==== Supplied data ====
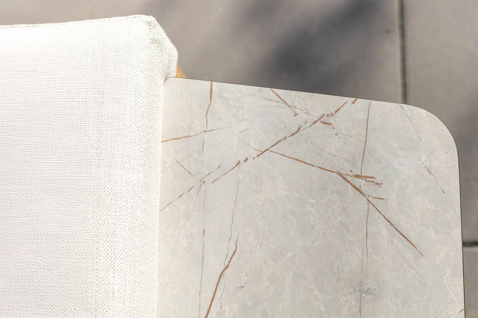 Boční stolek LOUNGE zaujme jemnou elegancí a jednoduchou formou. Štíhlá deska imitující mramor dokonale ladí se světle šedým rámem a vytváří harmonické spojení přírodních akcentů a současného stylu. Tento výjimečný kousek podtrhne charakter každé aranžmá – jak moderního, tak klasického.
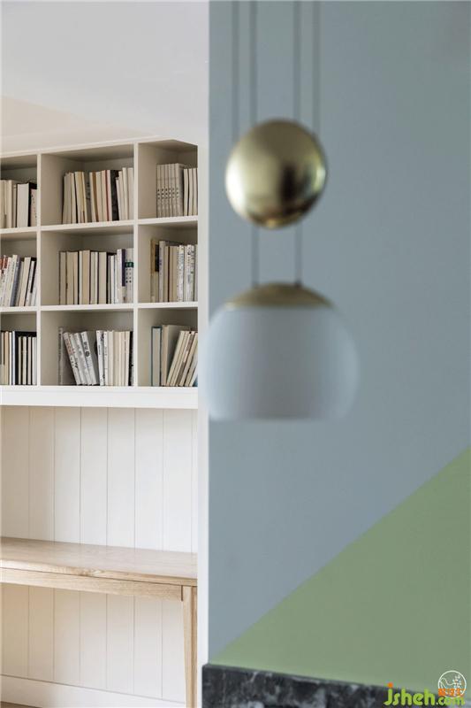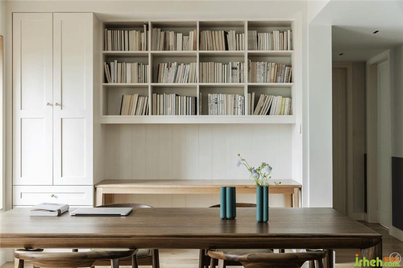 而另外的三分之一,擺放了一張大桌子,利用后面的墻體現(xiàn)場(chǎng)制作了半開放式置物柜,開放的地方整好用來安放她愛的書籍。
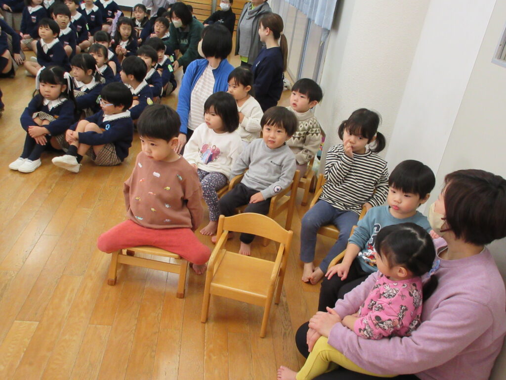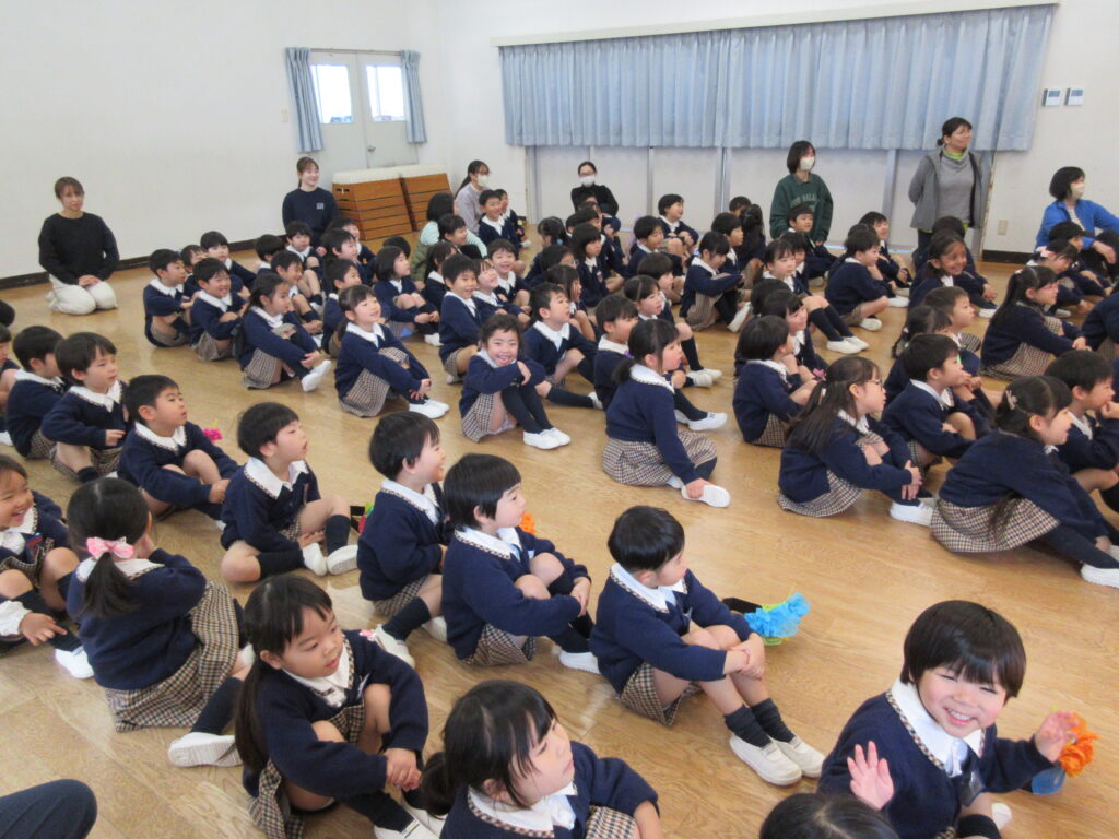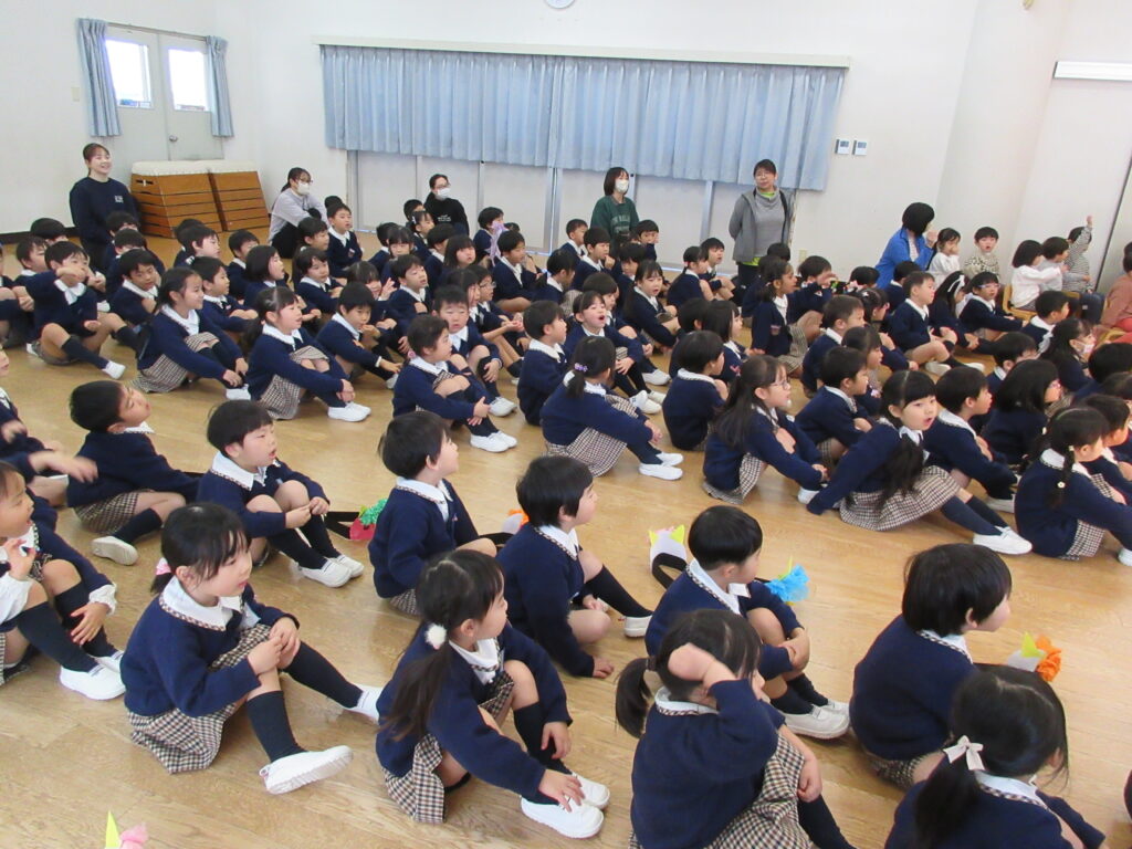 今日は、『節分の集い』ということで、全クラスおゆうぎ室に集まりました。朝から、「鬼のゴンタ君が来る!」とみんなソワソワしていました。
====
==== Supplied data ====
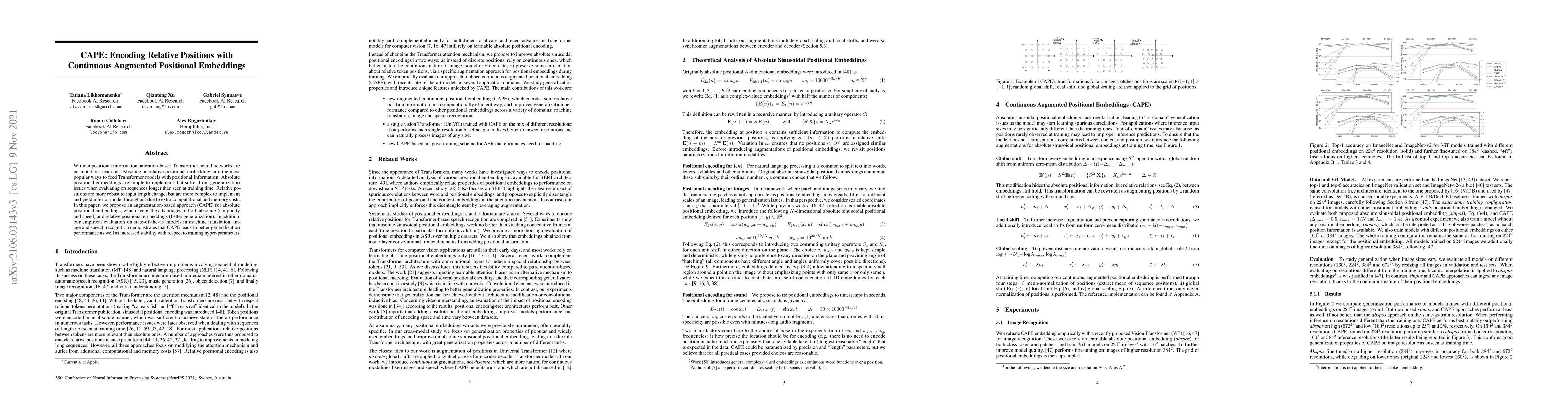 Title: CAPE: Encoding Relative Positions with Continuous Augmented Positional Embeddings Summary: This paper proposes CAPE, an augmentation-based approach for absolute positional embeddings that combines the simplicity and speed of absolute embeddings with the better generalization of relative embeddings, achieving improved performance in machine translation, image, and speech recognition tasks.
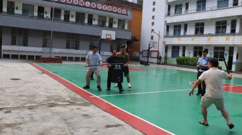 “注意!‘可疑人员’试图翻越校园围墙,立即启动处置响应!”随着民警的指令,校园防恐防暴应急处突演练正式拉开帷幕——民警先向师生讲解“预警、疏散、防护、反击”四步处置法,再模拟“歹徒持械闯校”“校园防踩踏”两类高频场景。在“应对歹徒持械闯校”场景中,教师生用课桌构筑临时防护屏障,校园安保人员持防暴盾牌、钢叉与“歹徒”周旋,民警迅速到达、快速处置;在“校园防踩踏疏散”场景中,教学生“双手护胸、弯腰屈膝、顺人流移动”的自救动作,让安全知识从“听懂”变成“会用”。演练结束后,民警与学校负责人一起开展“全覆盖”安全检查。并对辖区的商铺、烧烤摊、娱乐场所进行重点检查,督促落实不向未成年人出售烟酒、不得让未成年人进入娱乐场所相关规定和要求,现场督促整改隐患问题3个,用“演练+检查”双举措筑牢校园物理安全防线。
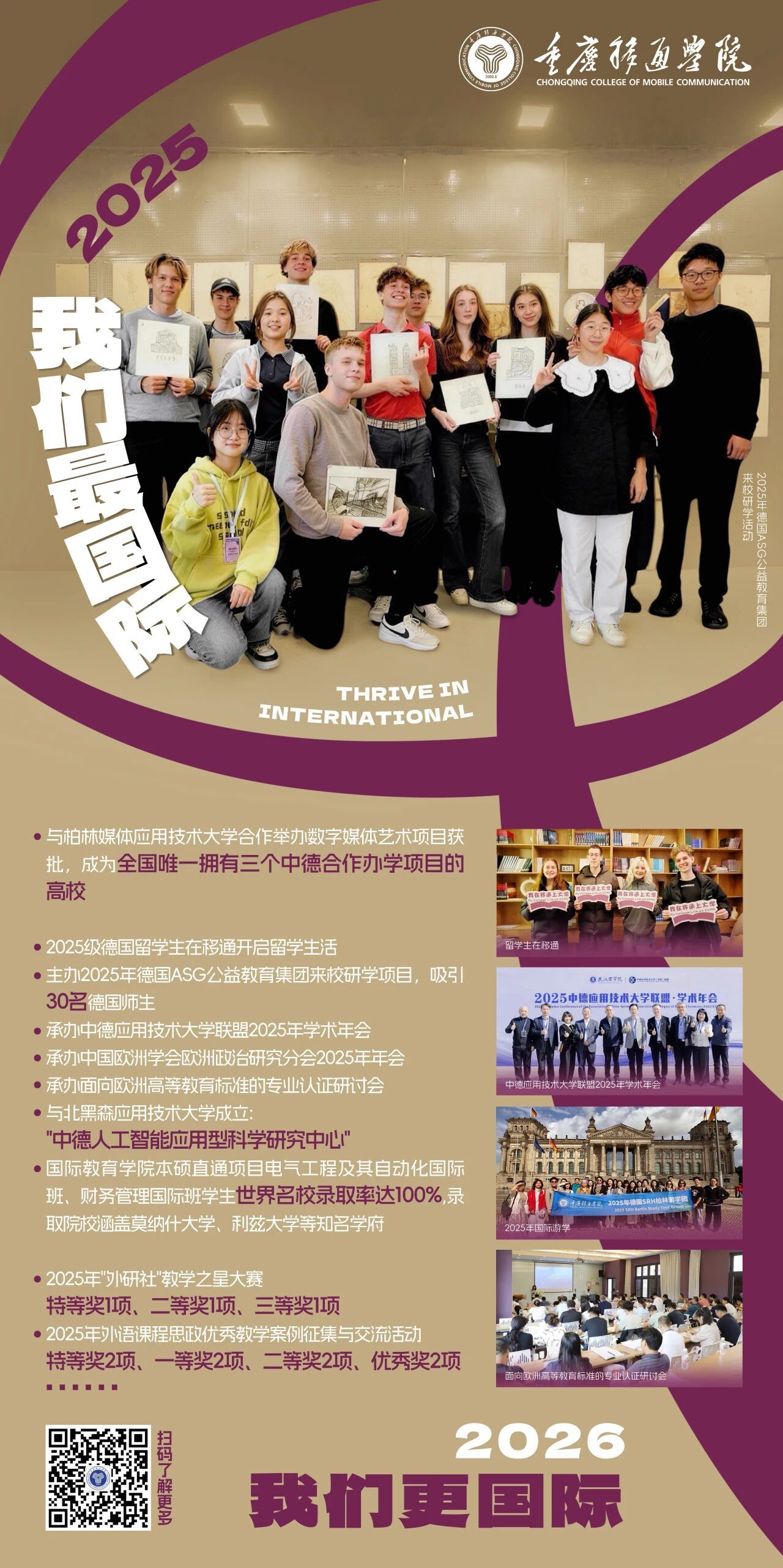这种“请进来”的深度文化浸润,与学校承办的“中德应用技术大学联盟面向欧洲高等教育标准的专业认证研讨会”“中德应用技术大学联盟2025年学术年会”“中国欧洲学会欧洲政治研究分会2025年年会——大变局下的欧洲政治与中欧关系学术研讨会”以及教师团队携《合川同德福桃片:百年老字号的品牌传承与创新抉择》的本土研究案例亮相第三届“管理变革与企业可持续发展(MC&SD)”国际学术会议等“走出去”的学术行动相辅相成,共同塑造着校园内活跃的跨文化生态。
====
• [Description of the task]: Exactly reproduce the lines above, starting at the one that contains "而另外的三分之一,擺放了一張" and ending at the one that contains "今日は、『節分の集い』という", both inclusive; leave the pictures out and add no other lines.

• [Solution to this exercise]:
 而另外的三分之一,擺放了一張大桌子,利用后面的墻體現(xiàn)場(chǎng)制作了半開放式置物柜,開放的地方整好用來安放她愛的書籍。
 今日は、『節分の集い』ということで、全クラスおゆうぎ室に集まりました。朝から、「鬼のゴンタ君が来る!」とみんなソワソワしていました。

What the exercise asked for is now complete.